Fresh from my encounter with Craig Sheppard’s Book One of the
Well Tempered Clavier comes this disc of the Fifteen Two-Part
Inventions BWV 772-786 and Fifteen Three-Part Sinfonias BWV 787-801.
Next on my listening list is Sheppard’s Partitas.
As is now usual
Sheppard is recorded in the Meany Theatre in Seattle. Each
Invention is paired with a Sinfonia that shares the same key.

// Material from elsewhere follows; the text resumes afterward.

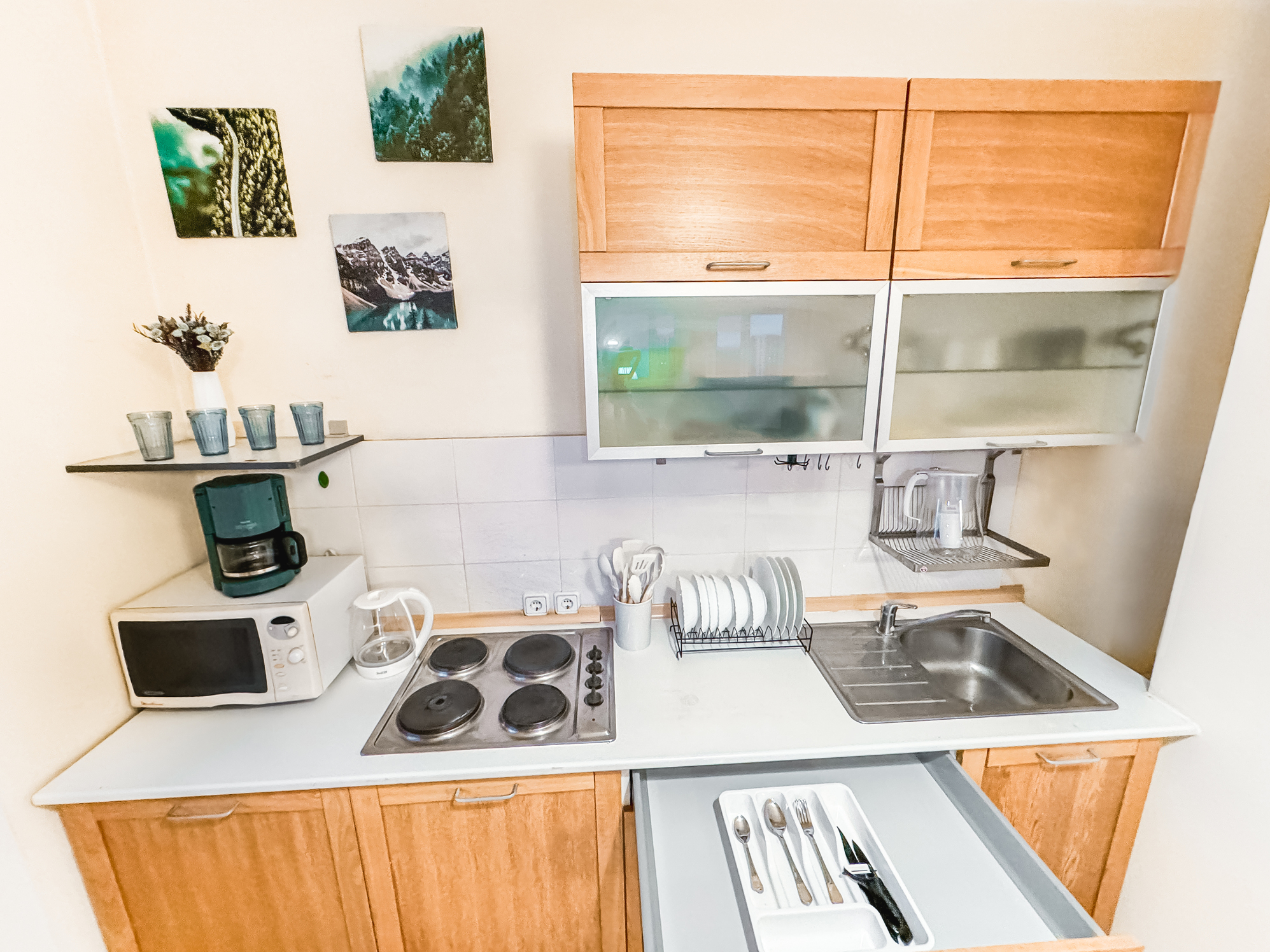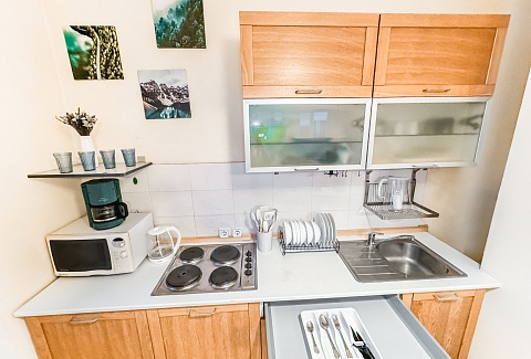 В номере: диван, зеркало, кровать двуспальная, прикроватные тумбочки, стол, стулья, шкаф, гладильная доска, микроволновая печь, набор посуды, плита электрическая, стиральная машина, сушилка для белья, телевизор ЖК, утюг, холодильник, чайный набор посуды, электрочайник

The result is a disc of wonderful insights into the appropriateness
of things. Aeration of texture is one of the things that so
distinguishes his playing. It’s not over-refinement or crystalline
coolness, rather it’s the lyricism, rhythmic precision and
clarity that gives such life and a sense of motion to the
music making. And the corollary is that each Sinfonia and
Invention bears appropriate weight; weight relative to its
musical significance.
So, time for some
examples of Sheppard’s perception, his imaginative and intellectual
qualities. Take the delving independence of the left hand
voicings in the Sinfonia in C major – the dancing rhythms
and the sense of colour evoked. The realisation that Sheppard
is seeking an appropriate colour and weight is immediately
apparent but reinforced, early, in the Sinfonia in C minor
where in addition to these qualities we feel him measuring
the music for its expressive qualities without any excessive
lingering. Note too the absolute precision of articulation
in the Sinfonia in D minor.
The Sinfonia in E minor has a powerful
sense of refinement and elegance in motion. The Invention
in F major shows that Sheppard’s tone never hardens toward
brittleness and that he maintains a natural sounding tempo
and pliant unostentatious phrasing entirely at the service
of the music; lit from within, not from without. He is sensitive
to dynamic variations of course but never as self-conscious
devices; try the Invention in F minor where the sheer communicative
warmth of the playing is allied to a sense of reflective,
lyrical delicacy. But when the music demands it Sheppard is
alive to its more troubling aspects. The Sinfonia in F minor
is, in his hands, starkly introspective and is pointed with
austere direction and a definable sense of angularity. The
result is deeply impressive.
Sheppard has written
his own notes, once more, and again they reflect the executant’s
ceaseless seeking. The recording is, as with this series in
general, quite close but attractively so. Sheppard’s Bach
recordings continue to impress time after time.